While this may be terrifying on the one hand–I’m struck, for instance, by Nietzsche’s description of “the horizon of the infinite” of a bird drifting over a landless ocean in The Gay Science–Derrida also seems to ascribe a positive. As he writes, “If totalization no longer has any meaning, it is not because the infinity of a field cannot be covered by a finite glance or a finite discourse, but because the nature of the field—that is, language and a finite language—excludes totalization” (260). The “floating signifier”and recurrent, non-centered center allows one to focus more on play and less on limitation, as I read it, bringing a center into being from relation, instead of the other way around.
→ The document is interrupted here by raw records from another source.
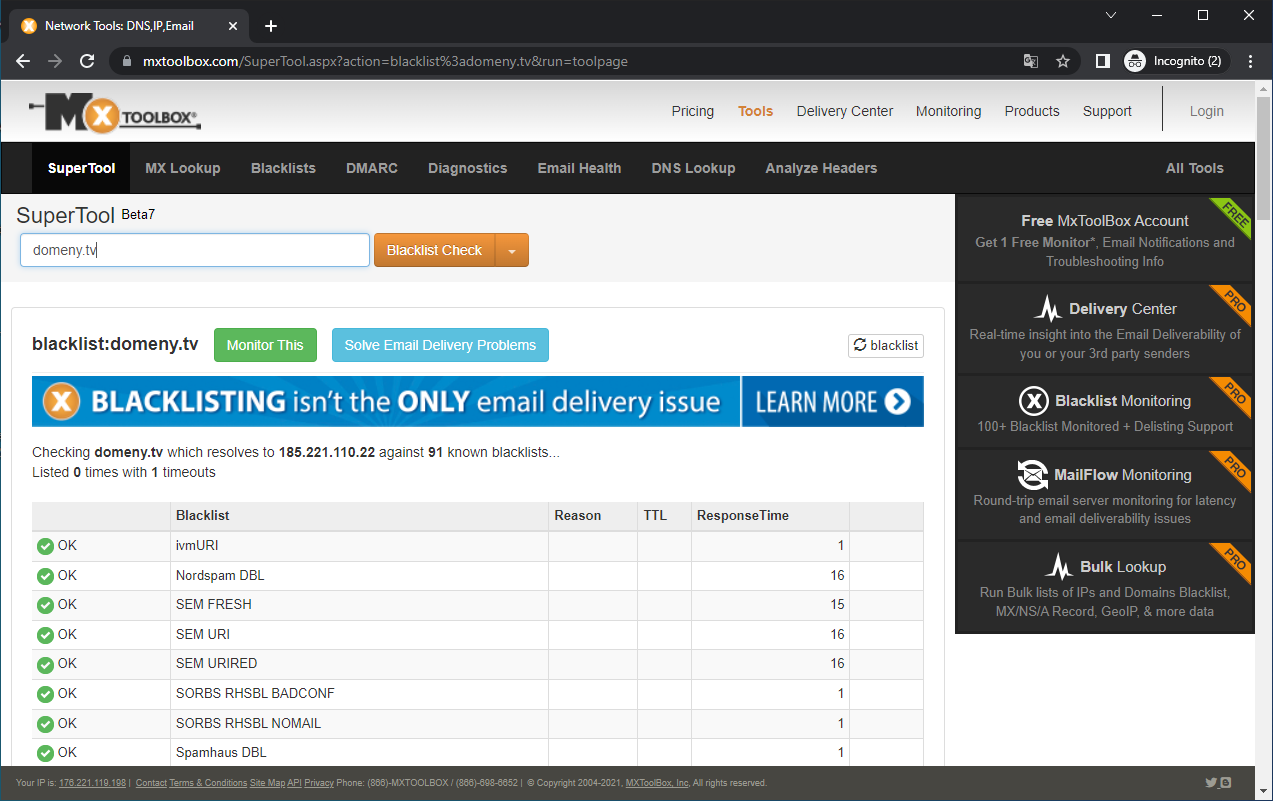 Narzędzie które przedstawię, w następnej kolejności, służy do kompleksowej oceny reputacji adresu IP serwera pocztowego i oceny dostarczania wiadomości email. Może być szczególnie ważne przy wysyłaniu wiadomości do wielu adresatów np. newslettera.
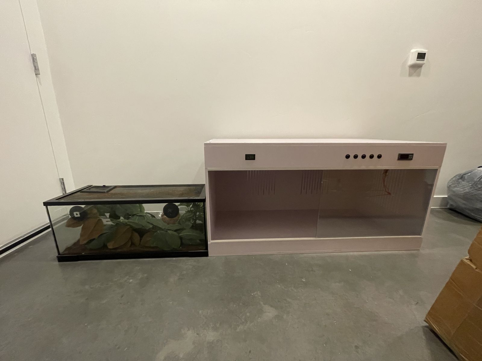 ApplePayLarge PVC enclosures for sale! I have 2 left 483018 roughly 110 gallons, great for tortoises or other ground dwelling species. Each enclosure has 5 light sockets and a thermostat to control the heat. The thermostat automatically shuts off the lights when the enclosure reaches a desired temperature.
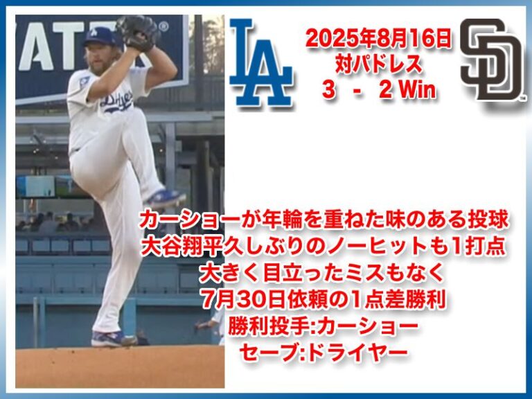 NATIONAL LEAGUE 2025年8月16日 サンディエゴパドレス戦 3-2 Win

And, if anything, metaphor is based on relation. And here, Shelley’s “A Defense of Poetry” feels pertinent. Distinguishing between “synthesis” (which he pairs with the Greek to poiein or “making”) and “analysis” (logizein or “reasoning”), he argues that poetry is more firmly grounded in the former, with the poet vocalizing and inventing new relations across words or ideas. Much as modern research seems to argue with non-lateral thinking, Shelley argues that for poets, “Their language is vitally metaphorical; that is, it marks the before unapprehended relations of things and perpetuates their apprehension” (512). This usage, itself, gives life to language, bringing out new connections and “categories.”
Heidegger argues similarly, though in a different way, contrasting techne and cultiver with poeisis. He emphasizes a “bringing forth” and building. One can either “enframe” and impose being on things through the imposition of a technocratic usage of language, or one can”dwell poetically” through the fourfold flowering of concept and material, diffused through actants beyond the human alone.
As another connection, I can see the connection between early Wittgenstein and other logic-driven, positivist philosophers of language and late Wittgenstein with his “language games.” As the Frege-Geach problem shows, our language and language-based systems, from ethics to epistemology, are messy without set connections. They are, in a way, always metaphorical. As Nietzsche writes in On Truth and Lie, “We believe that we know something about the things themselves when we speak of trees, colors, snow, and flowers; and yet we possess nothing but metaphors for things — metaphors which correspond in no way to the original entities.” For Nietzsche, metaphor is epistemic.
Cicero, then, evokes the freedom of language through the flexibility of metaphor. Language, like any game, is procedural, but also like any game, freedom exists within those procedures. And more importantly, I think that rhetorical freedom allows the poetic (in the Greek sense of “bringing forth” or “building”) quality of language. Threading the sounds, syntax, rhythm, and cultural links of language together in new ways, the rhetor breathes live in language and builds new language.
To me, this play is what truly distinguishes the rhetor and logician.